J.A. Moy-Thomas

James Alan Moy-Thomas (September 12 1908 - 29 February 1944) was a British palaeontological ichthyologist.

Son of Alan Moy-Thomas and his wife Gertrude, he was born in London. He had a younger brother Edward and an older sister Joan Caroline. He was educated at Eton and at Christ Church, Oxford, where he graduated with a first class degree in zoology in 1930[1]

He authored numerous papers on palaeontological ichthyology.

In 1933 he married Joy Mitchell in Wharfedale, Yorkshire.

In 1941 he was granted a Commission in the Special Duties Branch (i.e. intelligence) of the RAF.[2] His service number was 66643. He died in a motor vehicle accident in 1944[3] and was buried in Cambridge.[4] An obituary was published in The Times,[5] and another by Edwin Stephen Goodrich was published in Nature[6]

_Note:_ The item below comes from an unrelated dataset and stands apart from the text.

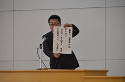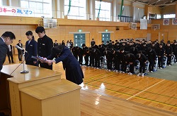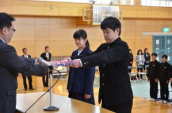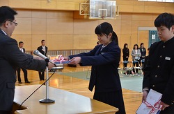15日(水)本校体育館で三学年の修了式を行いました。校長先生より各クラスの代表者、1組:相澤さくらさん、2組:石塚世蓮君、3組:新井来望さんへ「修了証」が渡されました。

The genus Jamoytius is named after him.

His brother Edward died later that year on active service in the Netherlands during Operation Market Garden[7]

References

  1. http://www.chch.ox.ac.uk/cathedral/memorials/WW2/james-moythomas
  2. https://www.thegazette.co.uk/London/issue/35190/page/3387
  3. Deaths on Active Service. The Times March 4, 1944; pg. 1; Issue 49796.
  4. http://www.cwgc.org/find-war-dead/casualty/2651389/MOY-THOMAS,%20JAMES%20ALAN
  5. The Times 4 March 1944: page 7.